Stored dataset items
########
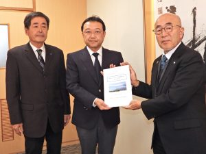長野県ローイング協会と下諏訪町漕艇協会は12月12日、2028年信州やまなみ国民スポーツ大会(国スポ)でローイング会場になる下諏訪ローイングパーク(漕艇場)の環境整備に関する要望書を宮坂徹下諏訪町長に提出しました。
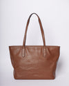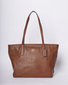 This Coach Tote, crafted in leather, features a zip closure and a single compartment with inside zip and slip pockets for organized storage. It showcases the front logo and includes dual carry handles for versatile use. The interior also has two flat pockets for additional convenience.
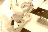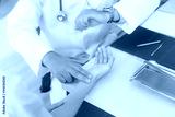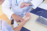 Doctor check patience's pulse by fingers, touch patients wrist. Doctor look at wristwatch, medical checking on doctors table in doctor office at medical clinic. General doctor care patient. healthcare
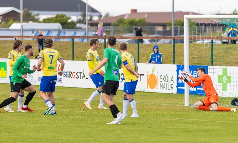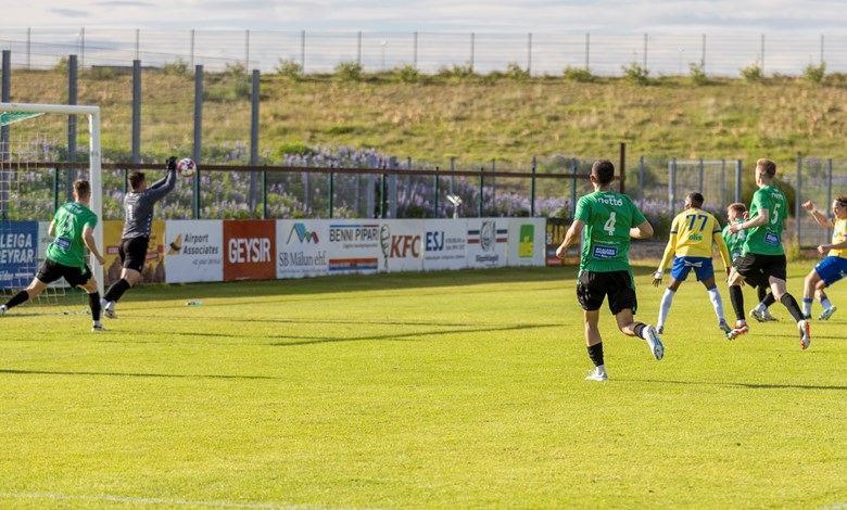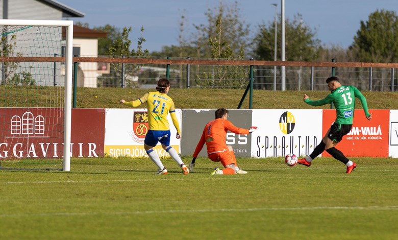 Heimamenn voru heppnir þegar stutt var til leiksloka en þá tók Fjölnir horn og Keflvíkingar hreinsuðu fram völlinn. Daníel Ingvar Ingvarsson, aftasti maður heimamanna, misreiknaði sig þá illilega og missti boltann framhjá sér og skyndilega var Axel Ingi Jóhannesson með boltann á eigin vallarhelmingi og allt autt fyrir framan hann. Axel tók sprettinn upp völlinn og þegar hann var kominn að markteig lét hann vaða – en þá var Daníel Ingvar búinn að hlaupa hann uppi og rétt náði að renna sér fyrir skotið og koma í veg fyrir mark.
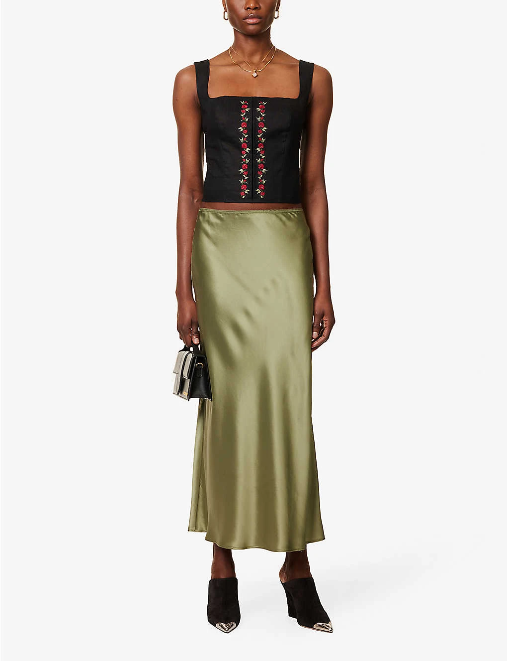 - Slim fit, sweetheart neckline, shoulder straps, embroidered pattern at front, hook-and-eye fastening at front, cropped, shirred panel at back, lined
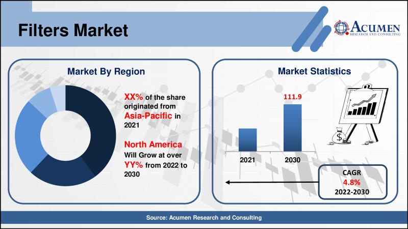 The Global Filters Market Size accounted for USD 74.6 Billion in 2021 and is estimated to achieve a market size of USD 111.9 Billion by 2030 growing at a CAGR of 4.8% from 2022 to 2030.Request For Free Sample Report @ https://www.acumenresearchandconsulting.com/request-sample/2599
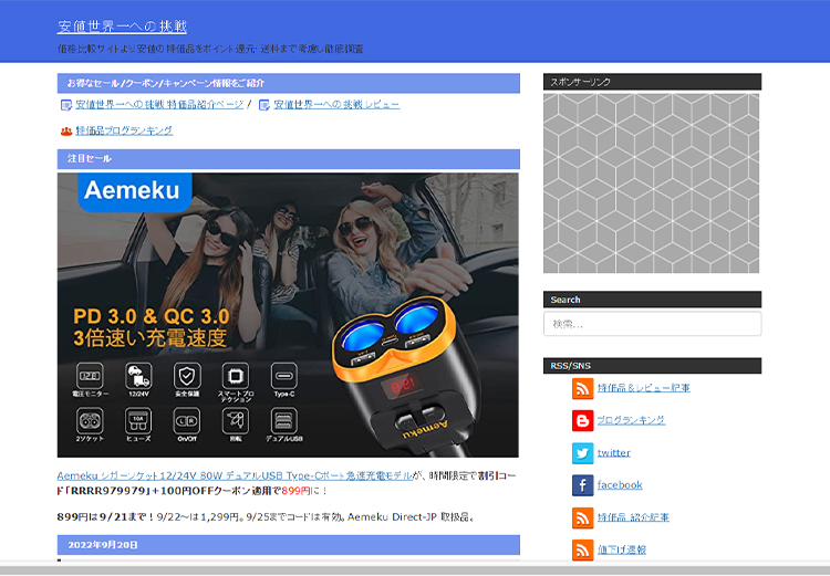 日本流量比较大的折扣网站之一。支持亚马逊+乐天+雅虎+独立站+FMB产品 折扣上贴。最好是3.6分以上的产品。编辑发帖,基本不用选帖,接单后1-2天内上帖。不接成人用品等违禁品,折扣DENDO开头的不支持上贴。
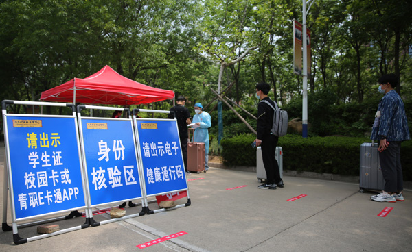 青岛职业技术学院,返校学生间隔排队,等待进行身份核验等入校程序。
########
### Exercise objective
Could you write out again, exactly, the lines from the line containing "The Global Filters" through the last line of the records above? Leave out the pictures.

### Reply to the task
 The Global Filters Market Size accounted for USD 74.6 Billion in 2021 and is estimated to achieve a market size of USD 111.9 Billion by 2030 growing at a CAGR of 4.8% from 2022 to 2030.Request For Free Sample Report @ https://www.acumenresearchandconsulting.com/request-sample/2599
 日本流量比较大的折扣网站之一。支持亚马逊+乐天+雅虎+独立站+FMB产品 折扣上贴。最好是3.6分以上的产品。编辑发帖,基本不用选帖,接单后1-2天内上帖。不接成人用品等违禁品,折扣DENDO开头的不支持上贴。
 青岛职业技术学院,返校学生间隔排队,等待进行身份核验等入校程序。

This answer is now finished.